Attention-based Multimodal Spatiotemporal Enhanced Interaction Network For Major Depressive Disorder Detection.
Authors
Abstract
Although deep learning models have shown promising results in detecting major depressive disorder (MDD), two main limitations remain: insufficient exploitation of interactive information across multimodal brain networks and a lack of adaptive mechanisms for capturing crucial spatiotemporal dependencies among brain regions. To address these challenges, we propose the Attention-based Multimodal Spatiotemporal Enhanced Interaction Network (AM-SEIN) for MDD detection. Specifically, to tackle the first challenge, we integrate structural information from 3D structural magnetic resonance imaging (sMRI) with functional temporal data from functional magnetic resonance imaging (fMRI). Additionally, we design the Cross-Modal Interaction Network (CMIN) and fusion layer to enhance mutual information aggregation and facilitate interactive guidance between the two modalities.

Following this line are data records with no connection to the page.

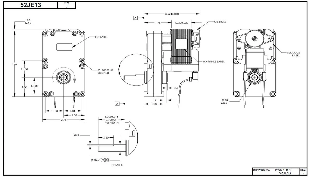 - 1/50 hp, 10 RPM, 1.30 amps, 115 volts 60hz..
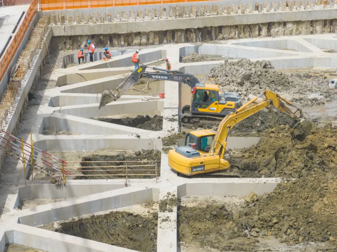 项目施工现场,挖掘机正火力全开推进土石方开挖,工人们正在紧张作业。远处,一台台吊机将施工所需的钢筋材料源源不断运输至场地内。现场机器轰鸣,一派繁忙景象。
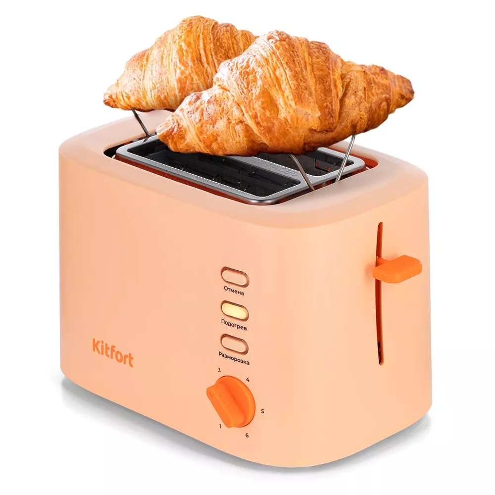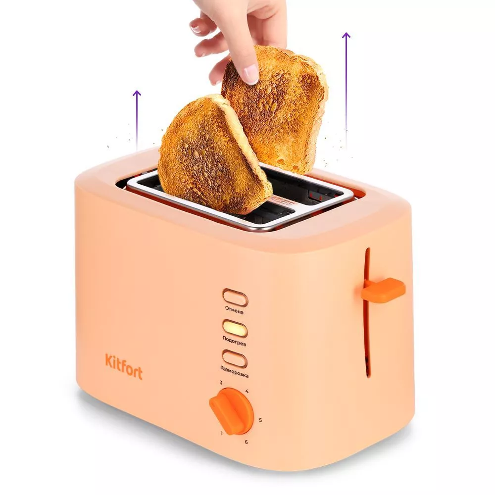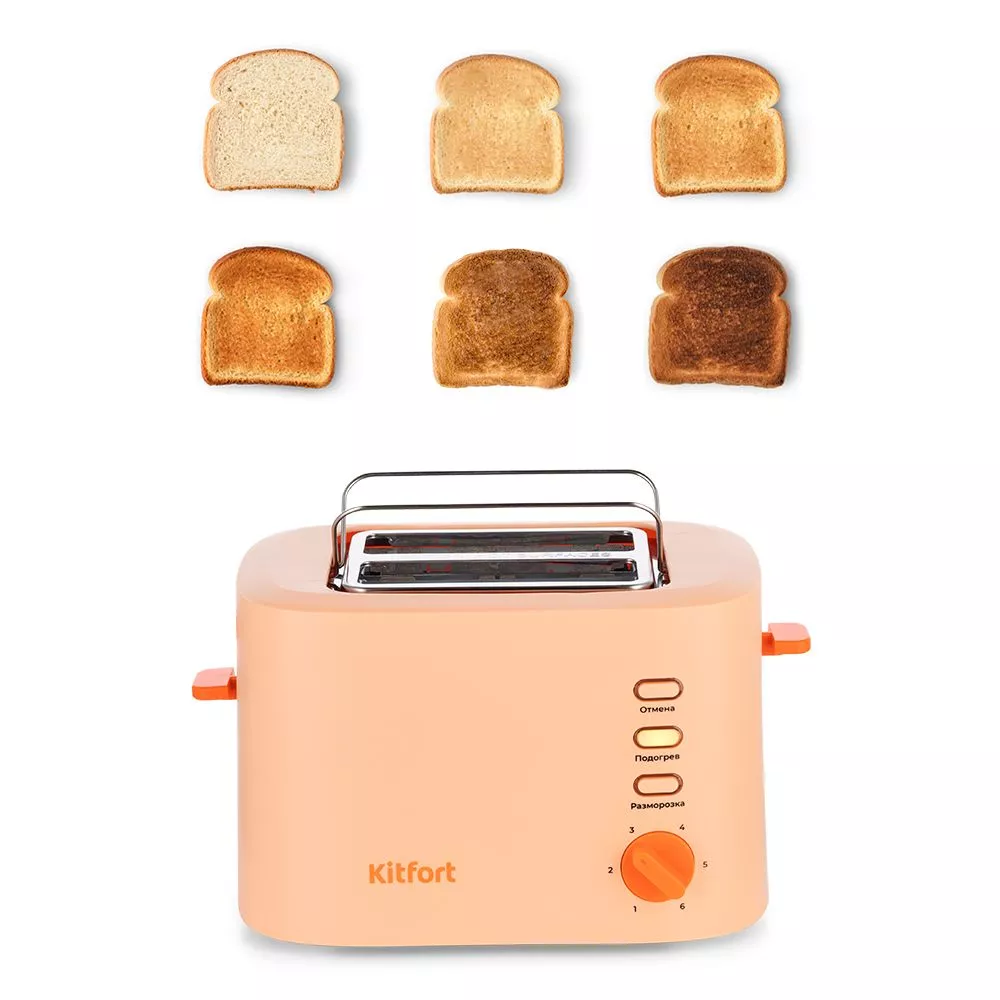Тостер оснащён регулятором с 6-ю степенями обжаривания, которые отличаются между собой временем обжарки. «Подогрев» служит для разогрева уже готовых тостов, если они остыли. «Разморозка» позволяет приготовить тосты из замороженного хлеба. В устройстве предусмотрены специальные держатели, на которые вы можете положить булочки, круассаны и другую выпечку, чтобы подогреть её. Опустите рычаг, и держатели поднимутся над слотами для тостов, поднимите рычаг – держатели опустятся в корпус тостера.

For the second challenge, we develop an attention-based adaptive spatiotemporal feature-extracting architecture for both modalities, incorporating the fMRI-based Adaptive Spatiotemporal Fusion (fASF) and the sMRI-based Regional-Level Content-Dependent (sRLCD) modules. This approach enables the effective encoding of inter-regional interactions relevant to MDD detection. Finally, the proposed AM-SEIN is evaluated on the Rest-meta-MDD(RMM) and Rest-meta-MDD-V2(RMM-V2) datasets, achieving state-of-the-art performance.